### Dataset section
┏━━
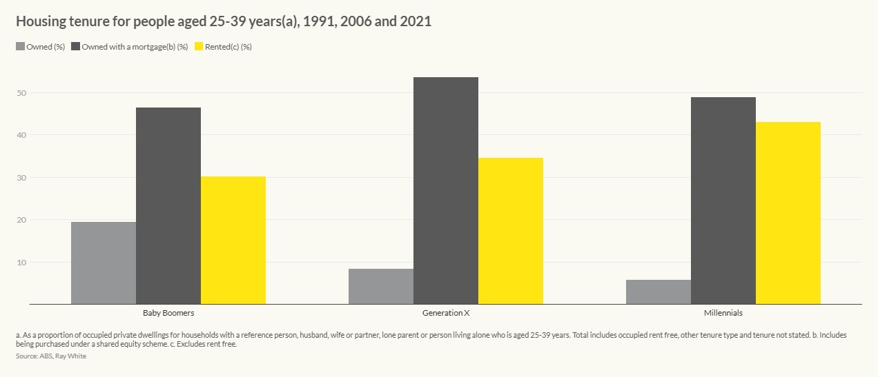 Only 55 per cent of millennials aged between 25-39 own their home, compared to 70 per cent of baby boomers at the same age in 1991 and 65 per cent of Gen X in 2006. This dramatic shift reflects more than just affordability challenges – it represents a fundamental change in how young Australians must approach homeownership.
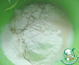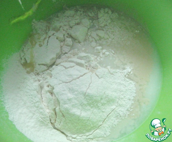 • Просеиваем еще 3 стакана муки (в общей сложности у меня ушло около 6,5-7 стаканов, с учетом муки для подпыливания).
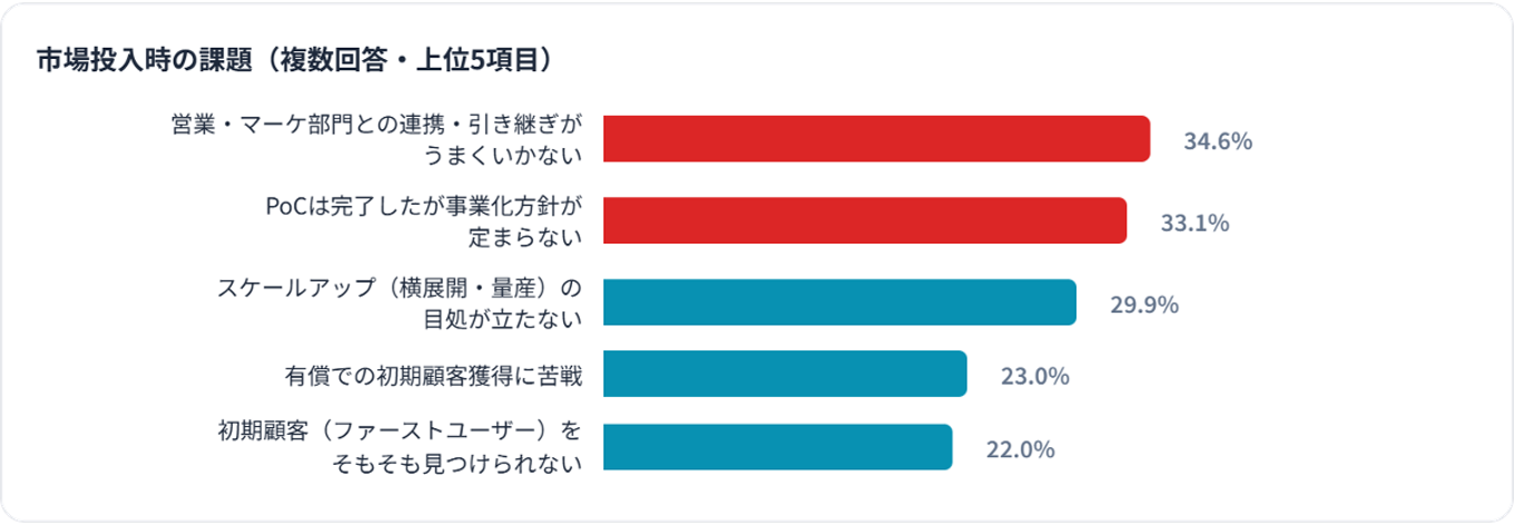 最大のボトルネックは「営業・マーケ部門との連携・引き継ぎがうまくいかない」(34.6%)と「PoCは完了したが事業化方針が定まらない」(33.1%)で、いずれも社内の組織間連携に関する課題が上位を占めた。
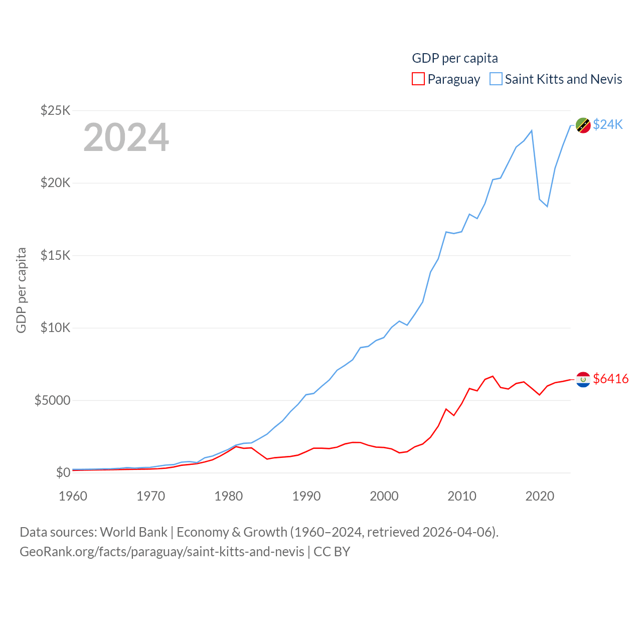 By GDP, Paraguay ranks 98/197 ($44.5B) and Saint Kitts and Nevis ranks 187/197 ($1.12B). By GDP per capita, Paraguay ranks 109/197 ($6,416), while Saint Kitts and Nevis ranks 51/197 ($23,961).
┗━━
Write out the listing word for word, omitting the pictures it holds.

### Answer section
 Only 55 per cent of millennials aged between 25-39 own their home, compared to 70 per cent of baby boomers at the same age in 1991 and 65 per cent of Gen X in 2006. This dramatic shift reflects more than just affordability challenges – it represents a fundamental change in how young Australians must approach homeownership.
 • Просеиваем еще 3 стакана муки (в общей сложности у меня ушло около 6,5-7 стаканов, с учетом муки для подпыливания).
 最大のボトルネックは「営業・マーケ部門との連携・引き継ぎがうまくいかない」(34.6%)と「PoCは完了したが事業化方針が定まらない」(33.1%)で、いずれも社内の組織間連携に関する課題が上位を占めた。
 By GDP, Paraguay ranks 98/197 ($44.5B) and Saint Kitts and Nevis ranks 187/197 ($1.12B). By GDP per capita, Paraguay ranks 109/197 ($6,416), while Saint Kitts and Nevis ranks 51/197 ($23,961).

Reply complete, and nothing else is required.